───── Material for this exercise

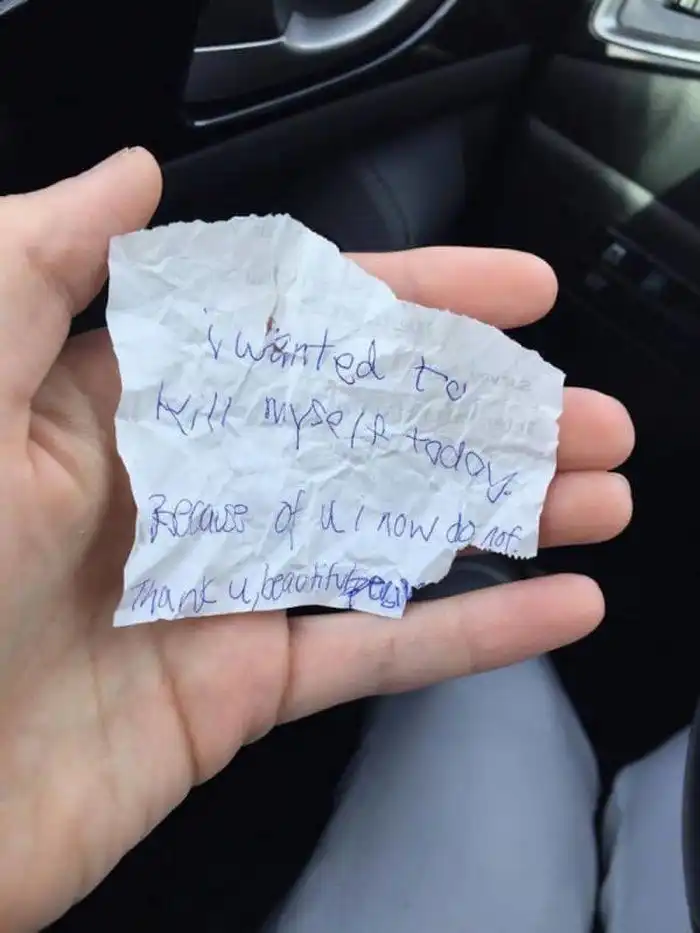 После задушевного разговора Крис попросил девушку подождать еще пару секунд и что-то написал на чеке. Кейси взяла записку, но открыла ее лишь в машине. Это послание потрясло девушку до глубины души. Крис написал: «Сегодня я хотел покончить с собой, но ты заставила меня одуматься. Спасибо тебе, прекрасный человек».
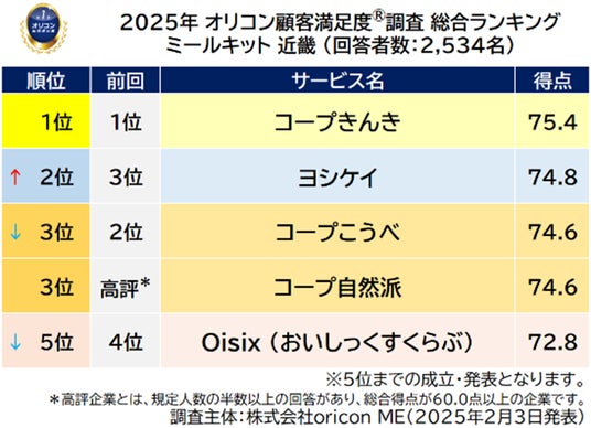 『ミールキット 近畿』総合ランキング_前回順位付き(2025年 オリコン顧客満足度(R)調査)
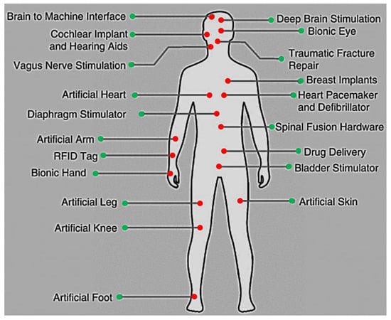 - Different Parts of Body Suitable for Implanted Devices. Available online: http://technologyandsociety.org/implantable-technology/ (accessed on 25 January 2022).
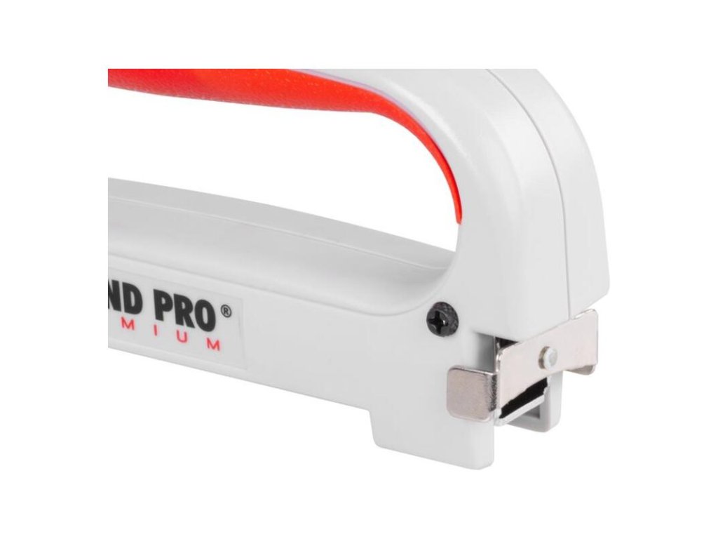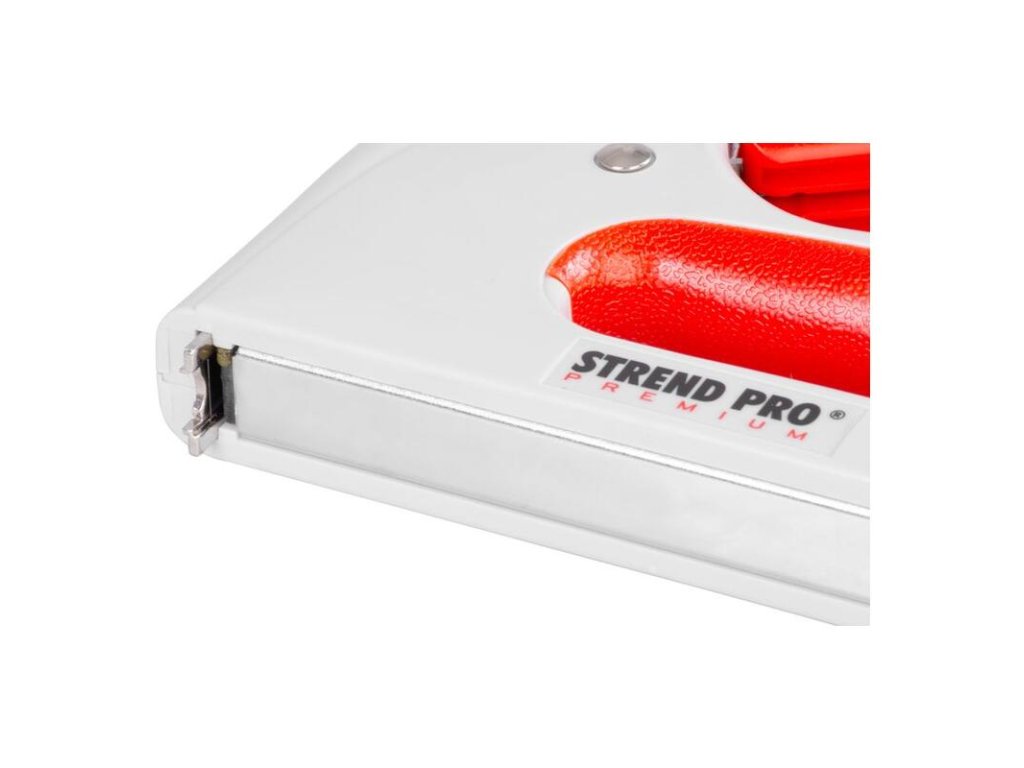 Ručná sponkovačka Strend Pro je určená na spájanie káblov pomocou sponiek. Je to robustný a pevný nástroj, s ktorým ľahko pripevníte káble, elektrické vodiče, šnúry či audiokáble. Vhodná pre spony typu A. Balenie obsahuje aj 50 ks sponiek na guľatý kábel:6-8 + 4-6 mm a 50 ks sponiek na plochý kábel: 4,5-6,3 + 2,5-4 mm.
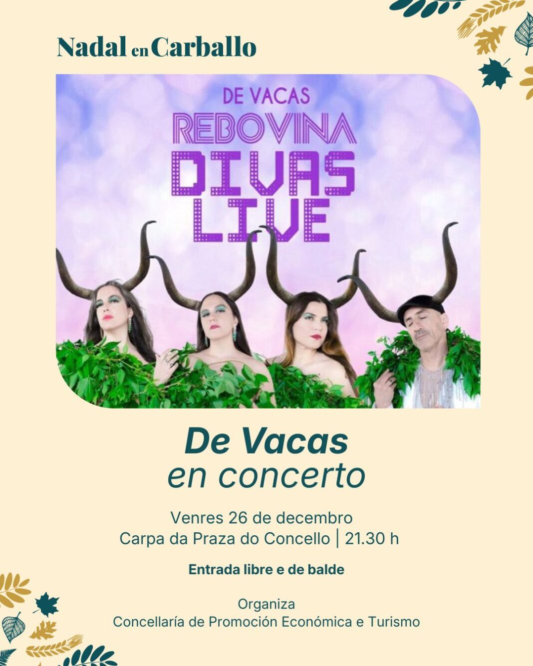 O intenso programa do Nadal en Carballo suma un novo espectáculo programado pola Concellaría de Promoción Económica e Turismo: este venres 26 de decembro teremos concerto do grupo De Vacas, que ofrecerá unha versión moi navideña do seu espectáculo Rebovina Divas Live. A formación integrada por Paula Romero, Inés Salvado, Faia Díaz e Guillermo Fernández actuará na carpa da Praza do Concello a partir das 21.30 horas.
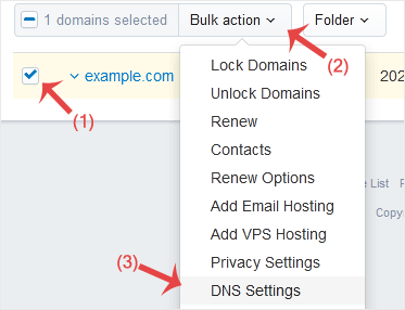 4. Check the box next to your domain name(s) and click on the DNS Settings from the Bulk action drop-down menu.
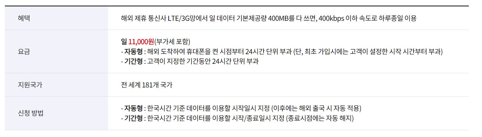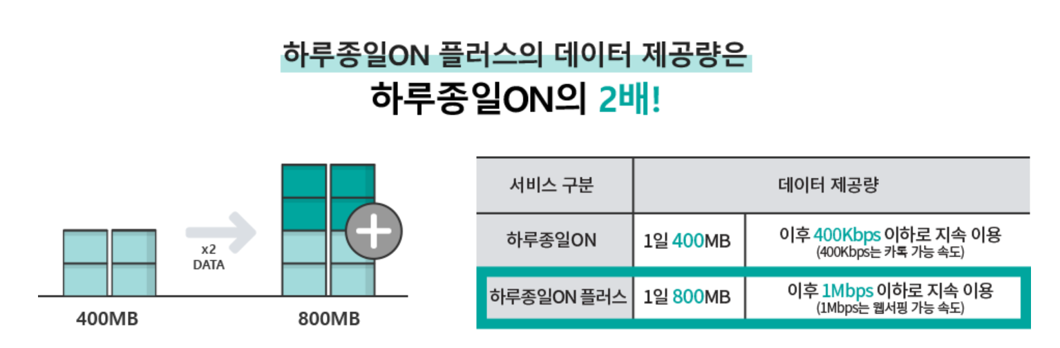 [ 서비스 제공내용 ] 일(24시간) 기준 데이터 400MB + 소진 후 최대 400Kbps의 속도로 무제한 이용 |
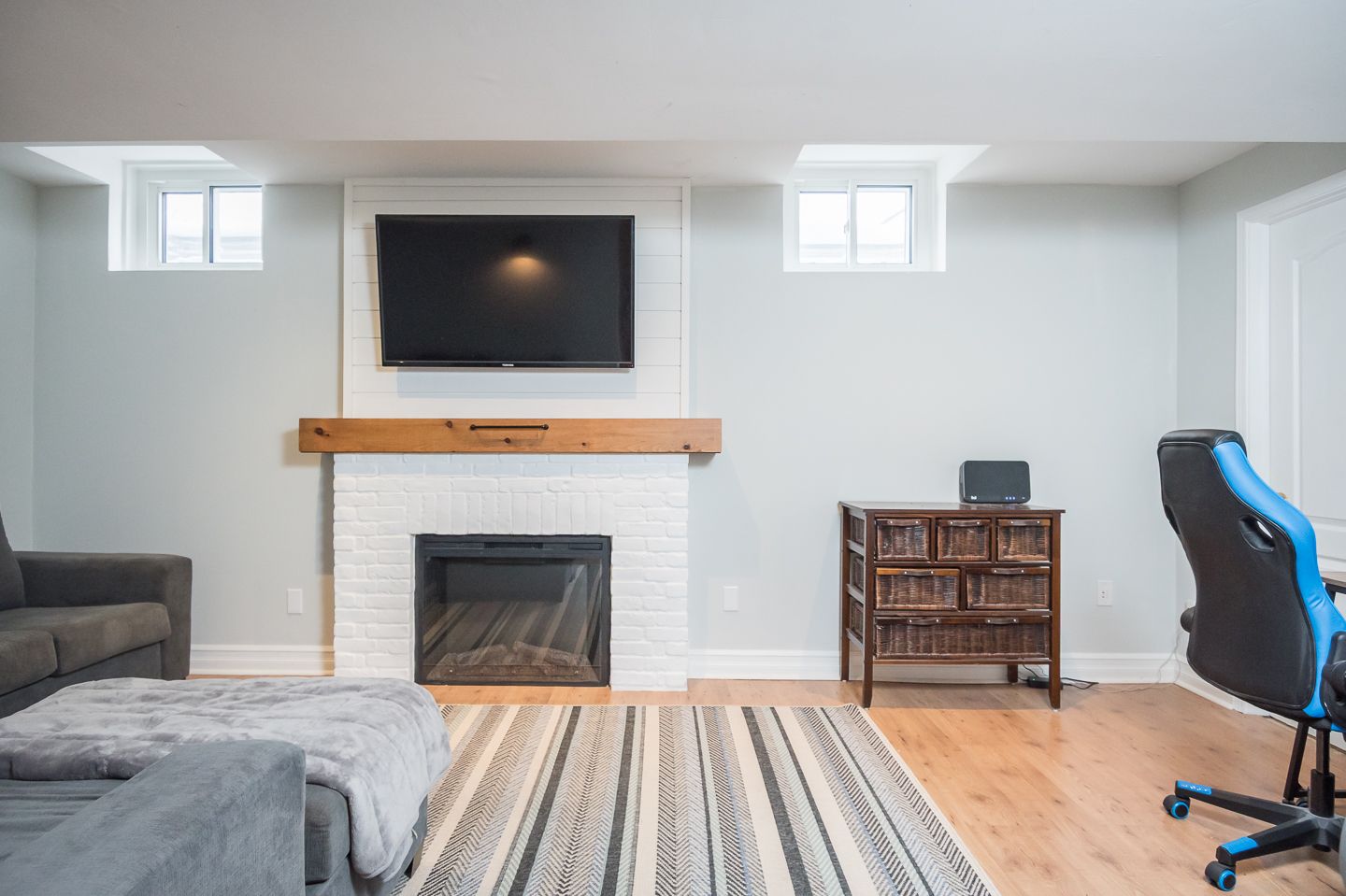 REC ROOM WITH COZY ELECTRIC FIREPLACE
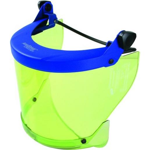 Störlichtbogengeprüfter Schutzschirm DEHNcare APS mit Spannband und Kinnschutz für Wartungs- und Instandhaltungsarbeiten an elektrischen Anlagen. Passend für alle gängigen Elektriker-Schutzhelme. Zertifiziert nach den Anforderungen der PSA-Verordnung (EU) 2016/425 zum Inverkehrbringen der persönlichen Schutzausrüstung. Hoher Tragekomfort. Hohe Schutzwirkung und geringer Verschleiß durch energieabsorbierende Nanopartikel. Beste Sicht durch Antibeschlag ? Beschichtung und hoher Lichtdurchlässigkeit. Störlichtbogengeprüft nach BG-Prüfgrundsatz GS-ET-29: Klasse 2 mit 423 kJ / m2
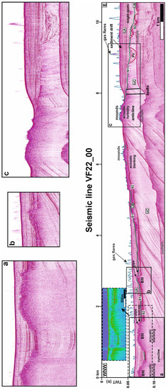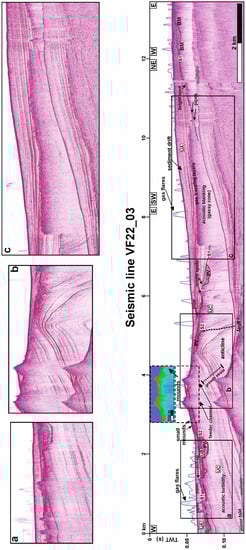 Fluid seeps from the seafloor are numerous along all seismic lines (Figure 5, Figure 6 and Figure 7), but no samples are available. These seeps produce detectable amplitude anomalies in the water column known as flares (e.g., [67,68,69,70,71,72,73,74,75,76,77,78,79,80]), which can be detected.
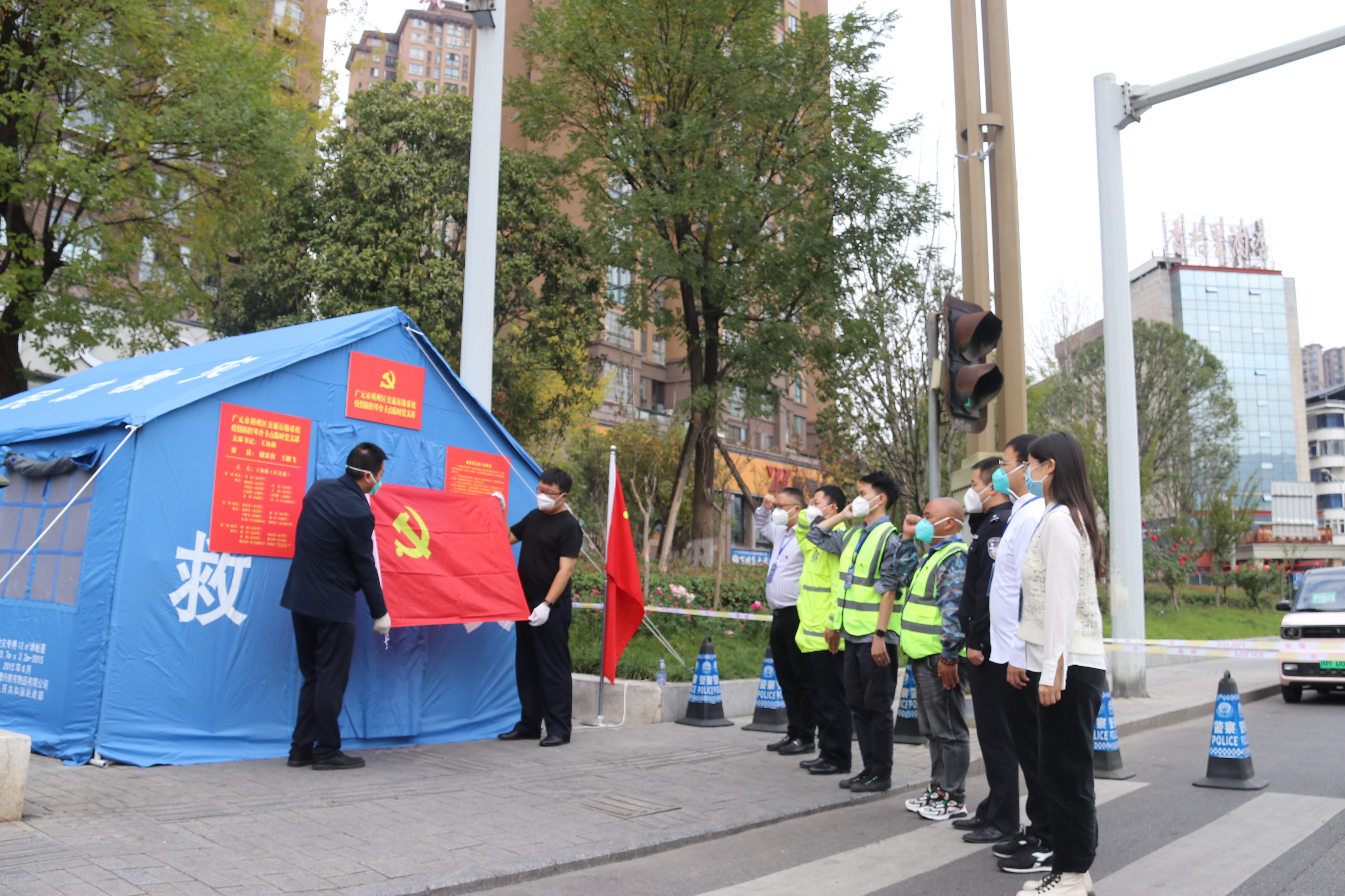 10月23日,面向鲜红的党旗,利州区交通运输系统疫情防控琴台卡点临时党支部书记、点长王加林同志举起右拳,带领卡点党员干部重温入党誓词。
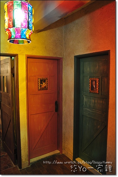 廁所的設計也很妙~ 直接將男女畫像掛在門上~
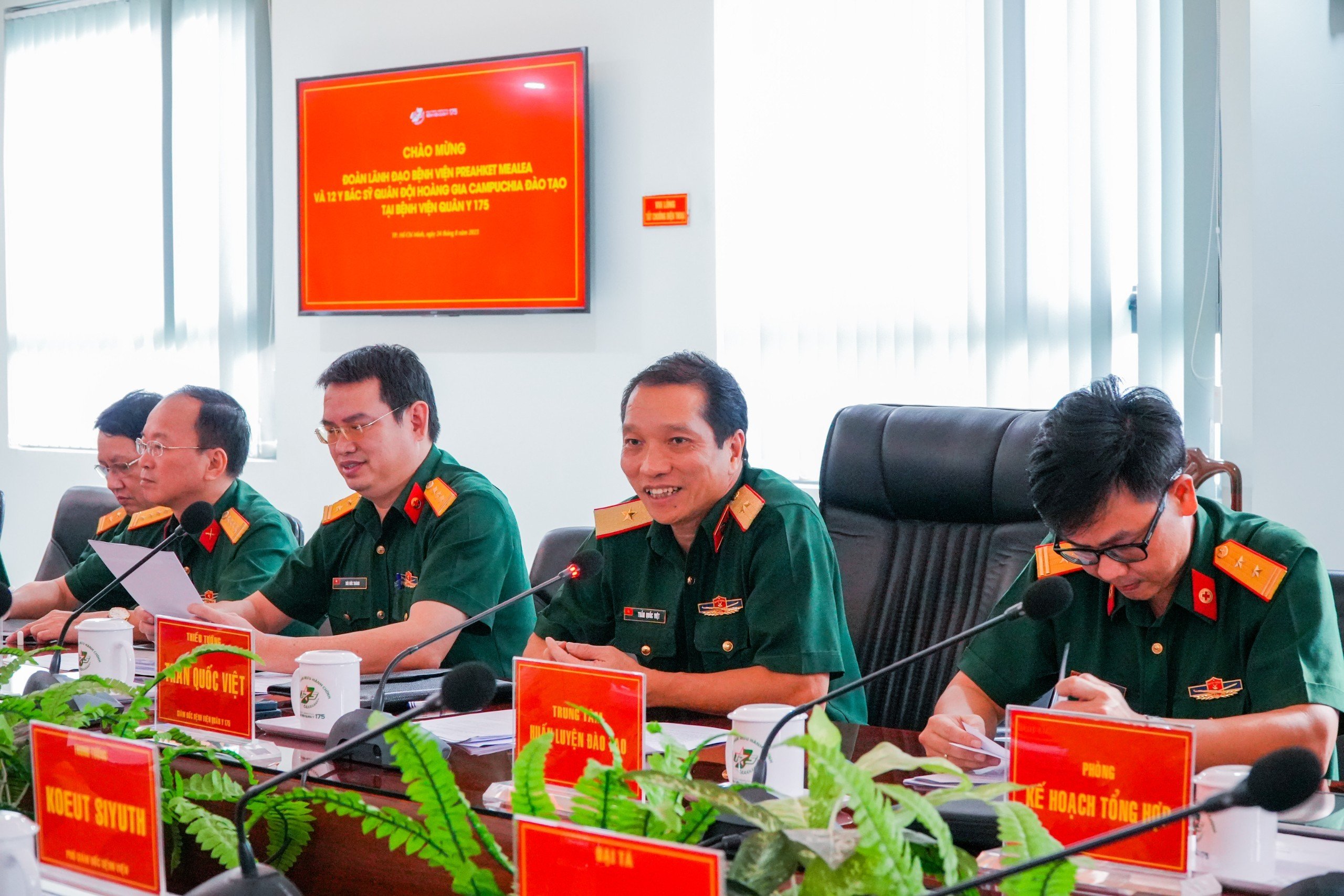 Tại buổi làm việc, hai bên đã trao đổi và đánh giá lại công tác phối hợp, hỗ trợ chuyên môn khám chữa bệnh từ năm 2018-2022. Trong 5 năm, Bệnh viện Quân y 175 đã hỗ trợ đào tạo và cấp chứng nhận cho 30 học viên là các bác sĩ Quân đội Hoàng gia Campuchia với các chuyên ngành: Tim mạch, da liễu, ngoại tiêu hóa, gây mê hồi sức, chẩn đoán hình ảnh, tiêu hoá, ngoại thần kinh, ngoạ tiết niệu…với thời gian đào tạo mỗi đợt 6 tháng. Kết quả đào tạo đã góp phần nâng cao chất lượng, trình độ công tác chuyên môn các chuyên ngành của các bác sĩ khi về công tác tại các Bệnh viện trong Quân đội Hoàng gia Campuchia.

──────────

Your instructions: Only what runs from the line containing "O intenso programa" through the end of the entries above should be extracted, exactly and without pictures.

Exercise output:
 O intenso programa do Nadal en Carballo suma un novo espectáculo programado pola Concellaría de Promoción Económica e Turismo: este venres 26 de decembro teremos concerto do grupo De Vacas, que ofrecerá unha versión moi navideña do seu espectáculo Rebovina Divas Live. A formación integrada por Paula Romero, Inés Salvado, Faia Díaz e Guillermo Fernández actuará na carpa da Praza do Concello a partir das 21.30 horas.
 4. Check the box next to your domain name(s) and click on the DNS Settings from the Bulk action drop-down menu.
 [ 서비스 제공내용 ] 일(24시간) 기준 데이터 400MB + 소진 후 최대 400Kbps의 속도로 무제한 이용 |
 REC ROOM WITH COZY ELECTRIC FIREPLACE
 Störlichtbogengeprüfter Schutzschirm DEHNcare APS mit Spannband und Kinnschutz für Wartungs- und Instandhaltungsarbeiten an elektrischen Anlagen. Passend für alle gängigen Elektriker-Schutzhelme. Zertifiziert nach den Anforderungen der PSA-Verordnung (EU) 2016/425 zum Inverkehrbringen der persönlichen Schutzausrüstung. Hoher Tragekomfort. Hohe Schutzwirkung und geringer Verschleiß durch energieabsorbierende Nanopartikel. Beste Sicht durch Antibeschlag ? Beschichtung und hoher Lichtdurchlässigkeit. Störlichtbogengeprüft nach BG-Prüfgrundsatz GS-ET-29: Klasse 2 mit 423 kJ / m2
 Fluid seeps from the seafloor are numerous along all seismic lines (Figure 5, Figure 6 and Figure 7), but no samples are available. These seeps produce detectable amplitude anomalies in the water column known as flares (e.g., [67,68,69,70,71,72,73,74,75,76,77,78,79,80]), which can be detected.
 10月23日,面向鲜红的党旗,利州区交通运输系统疫情防控琴台卡点临时党支部书记、点长王加林同志举起右拳,带领卡点党员干部重温入党誓词。
 廁所的設計也很妙~ 直接將男女畫像掛在門上~
 Tại buổi làm việc, hai bên đã trao đổi và đánh giá lại công tác phối hợp, hỗ trợ chuyên môn khám chữa bệnh từ năm 2018-2022. Trong 5 năm, Bệnh viện Quân y 175 đã hỗ trợ đào tạo và cấp chứng nhận cho 30 học viên là các bác sĩ Quân đội Hoàng gia Campuchia với các chuyên ngành: Tim mạch, da liễu, ngoại tiêu hóa, gây mê hồi sức, chẩn đoán hình ảnh, tiêu hoá, ngoại thần kinh, ngoạ tiết niệu…với thời gian đào tạo mỗi đợt 6 tháng. Kết quả đào tạo đã góp phần nâng cao chất lượng, trình độ công tác chuyên môn các chuyên ngành của các bác sĩ khi về công tác tại các Bệnh viện trong Quân đội Hoàng gia Campuchia.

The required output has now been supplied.